|Let It Shine!|
|Written by Melissa Stamper, email: firstname.lastname@example.org|
When I was a child, I was in pageants. This was a great distraction for me, as my mother and I would travel to different cities during the summer to compete. You win some. You loose some. And I had my share of both. But during the days when pageant season was closed, my weekends were spent with my father. Since my parents were divorced, He would get me every other weekend. I hated it. I was subject to things children should never be subjected to and I could not tell a soul of the abuse.
So, food became a friend. In a geographical location such as the South, that prides itself on culinary pleasures, food became my best friend, actually...and I became an emotional eater. When I was happy, I would eat. When I was sad, angry, nervous, worried etc... I would eat. It became evident, after a while that I could no longer compete in pageants. So, I gave up. I got to a size 30 (298 pounds) and saw myself on television and almost cried. Who had I become? What had I become? Where was the girl who loved crowns and loved dressing up and loved herself?
Pageants have always been a treasure to me. I love to compete and hate to loose, as much as anyone I suppose. I love dressing up and seeing a crown shine in the spotlight! One of the best ways to sum up my wardrobe is: "If it don't shine, it 'aint mine!" (forgive the slang) So when I saw an advertisement for a plus pageant in Florida in 1998, I entered. I did not expect to win. It had been years since I'd competed in a pageant and for a plus woman to walk on a stage in front of an audience and judges who look for things that are wrong with you takes major nerve. It did for me anyway. But it all came back to me. It was like riding a bike. I won that national title and the year of my reign was such a wonderful one that through my promotion of the title, the plus division quadrupled in size the next year! This was my element. This was my first love. This was my identity.

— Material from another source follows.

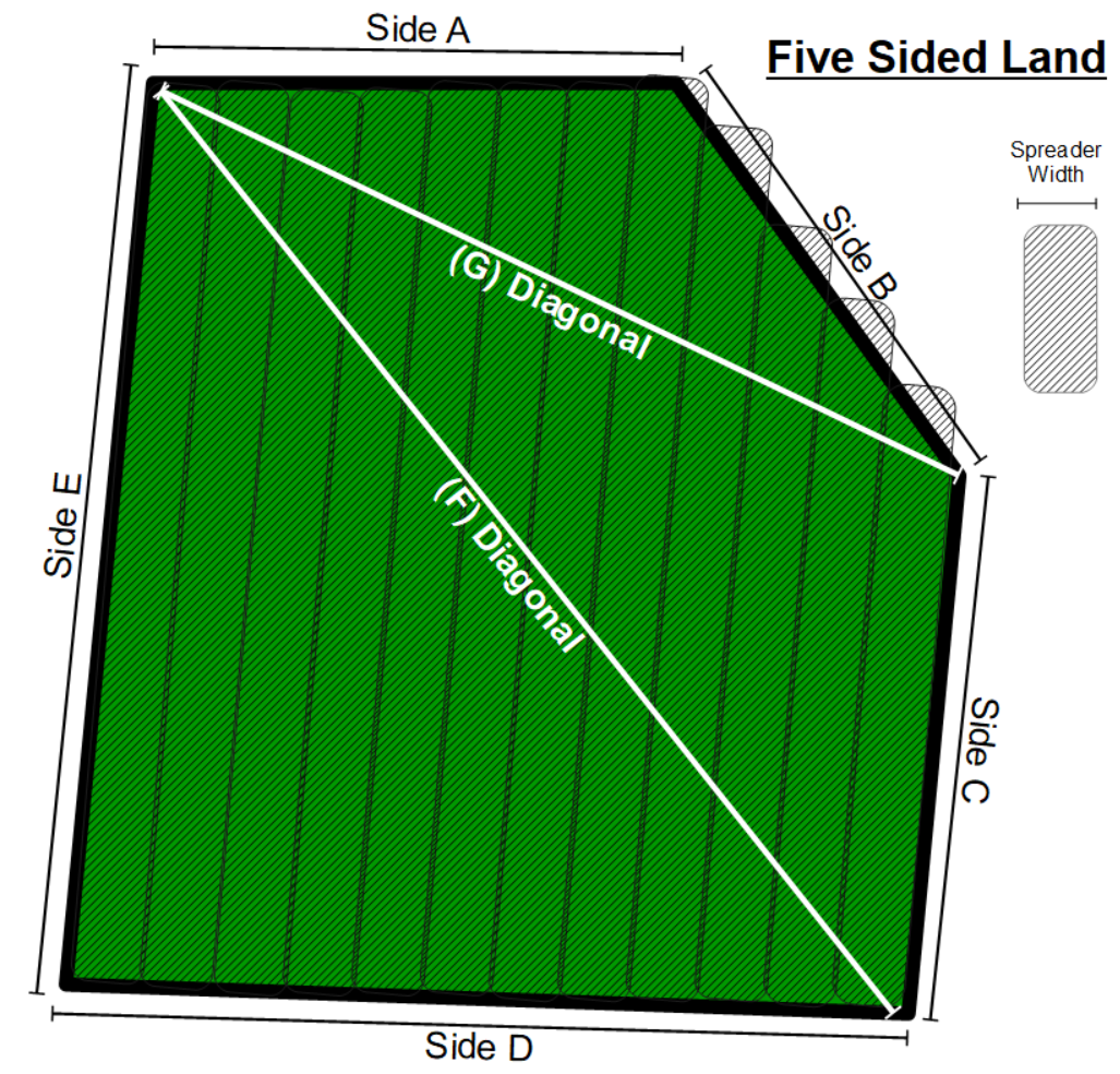 The Lawn Spreader Five Sided Land calculator computes the number of bags of lawn treatment (grass seed, weed killer, lawn fertilizer) needed for a five sided lawn based on the manufacturer recommended area of coverage per bag and the length of the five sides and two diagonals of the lawn.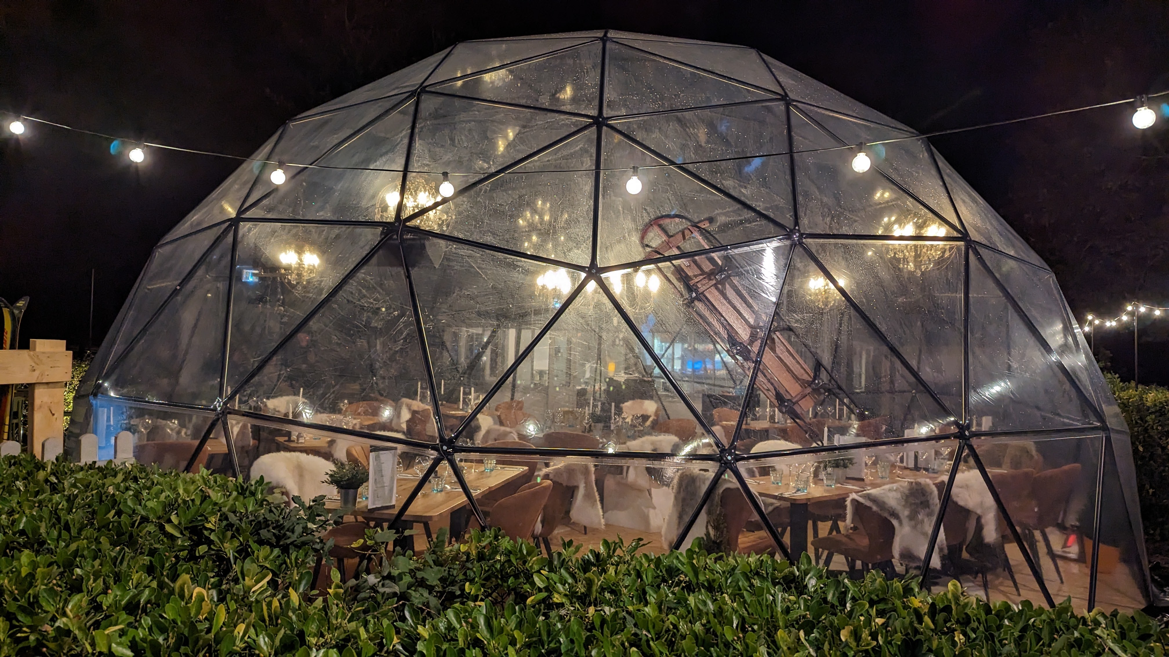 Le hasard fait bien les choses, très belle découverte même s'il n'y avait plus de place dans la bulle (nous n'avions pas réservé), l'intérieur est très cosy, les fauteuils confortables, les tables très grandes, les wc très sympa en mode cabane/sauna. Cette bulle est une très bonne idée, en voyant les photos de nuit dans les avis, cela donne envie d'y revenir. J'ai goûté ma première raclette au saumon c'était une belle expérience avec l'appareil typique. Je ne mets pas la 5eme étoile pour le service pour encourager à mieux faire. Il y avait beaucoup de monde ce dimanche, mais le personnel a fait beaucoup d'erreurs. Dans les plats, dans l'encaissement, oubli de pain .. mais pas de quoi en faire un fromage (à raclette), donc je m'arrête là... nous reviendrons. Merci

I believe that many full-figured women have some deep seeded reason for their obesity. (Not all, just many) Mine was abuse. I put my identity in the crowns that I won and used that to ignore the real problem...the reason I was this way. So, with all of the strength I had in me, I went to visit my father in prison. He was shocked to see me. He said, "What are you doing here?" to which I replied, "Dad, I've come to forgive you." There was a veil that lifted that day...some twelve years after he dropped me of at my Mom's house and disappeared. I was but thirteen years old. If you would have asked me before that day what color my Dad's eyes were, I would have sworn they were black. But my father had the most beautiful blue eyes. Forgiveness is a powerful thing. The day I forgave my father was the day that I realized that, you don't have to be behind bars to be imprisoned and just because you're behind bars doesn't mean you can't be free.

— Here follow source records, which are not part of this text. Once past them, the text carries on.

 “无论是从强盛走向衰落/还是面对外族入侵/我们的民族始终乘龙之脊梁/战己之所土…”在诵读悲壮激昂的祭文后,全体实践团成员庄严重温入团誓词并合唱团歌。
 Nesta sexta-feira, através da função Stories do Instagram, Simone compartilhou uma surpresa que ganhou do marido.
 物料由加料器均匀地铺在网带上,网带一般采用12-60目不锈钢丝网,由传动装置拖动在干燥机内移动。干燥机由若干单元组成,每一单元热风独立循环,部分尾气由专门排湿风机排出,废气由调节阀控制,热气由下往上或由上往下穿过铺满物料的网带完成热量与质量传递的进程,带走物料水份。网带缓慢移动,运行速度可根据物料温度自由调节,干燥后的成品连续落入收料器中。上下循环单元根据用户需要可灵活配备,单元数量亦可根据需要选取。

We reconciled that day and made plans to start anew when he was released on probation, only one year away. Four months before his release, he died of a massive heart attack. He knew he was dying and tried to get someone to take him to the infirmary but because he was an inmate, they did not believe him. So, according to his cell mates, the night before he died, he sat down and wrote me a letter. It was a goodbye letter. He said that he knew he was not going to be able to see me outside of "The Walls", which is the nickname for the prison, but that he would gladly stay behind them forever if it meant seeing me or hearing my voice once more. This news devastated me.
Throughout the difficult times I've suffered, I've come to realize that without them, I would not be who I am today. Today, I write you as someone who realizes that many things in life create who we are and we spend too much of our time wishing we were someone else and hoping for change but never doing anything about it. We can't have the benefit of anything without having gone through the procedure of achieving it.
Achievement is nothing more than effort circumvented. I used to put my identity in my crowns. To me, they were proof that I was beautiful and confident. But I've come to realize that my identity is my crown.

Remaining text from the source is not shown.